Supplied information ->
········

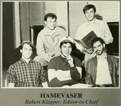 While at YU, Klapper served as editor-in-chief of Hamevaser newspaper, editor-in-chief of Gesher journal, president of the English Honors Society, and co-chair of the Committee to Preserve Revel.[6][23][24][25]
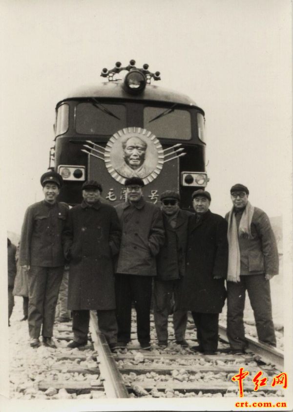 陈春森同志(右二)与铁道部领导同志和“毛泽东号”机车组成员在“毛泽东号”机车前合影
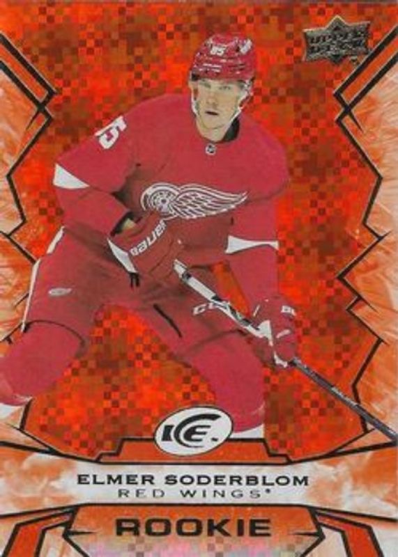 The Elmer Soderblom 2022 Upper Deck Ice #124 Orange Rookie card is 1 of 30 Elmer Soderblom's card variations in the 2022 Upper Deck Ice set being tracked by Sports Card Investor, including #155 Base /1299, #124 Base /1299, #124 Autographs White Snowflake, #124 Gold, and #124 Green.
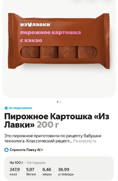 Была у меня раньше на канале рубрика подборок еды из разных доставок, вот думаю, может надо возобновить? Что думаете?🙂↔️ А пока что покажу вам 2 топовые находки в лавке: • Пирожное картошка Я не лю

········

What needs to be done ->
Once the pictures are removed, output the remaining material exactly.

Expected answer ->
 While at YU, Klapper served as editor-in-chief of Hamevaser newspaper, editor-in-chief of Gesher journal, president of the English Honors Society, and co-chair of the Committee to Preserve Revel.[6][23][24][25]
 陈春森同志(右二)与铁道部领导同志和“毛泽东号”机车组成员在“毛泽东号”机车前合影
 The Elmer Soderblom 2022 Upper Deck Ice #124 Orange Rookie card is 1 of 30 Elmer Soderblom's card variations in the 2022 Upper Deck Ice set being tracked by Sports Card Investor, including #155 Base /1299, #124 Base /1299, #124 Autographs White Snowflake, #124 Gold, and #124 Green.
 Была у меня раньше на канале рубрика подборок еды из разных доставок, вот думаю, может надо возобновить? Что думаете?🙂↔️ А пока что покажу вам 2 топовые находки в лавке: • Пирожное картошка Я не лю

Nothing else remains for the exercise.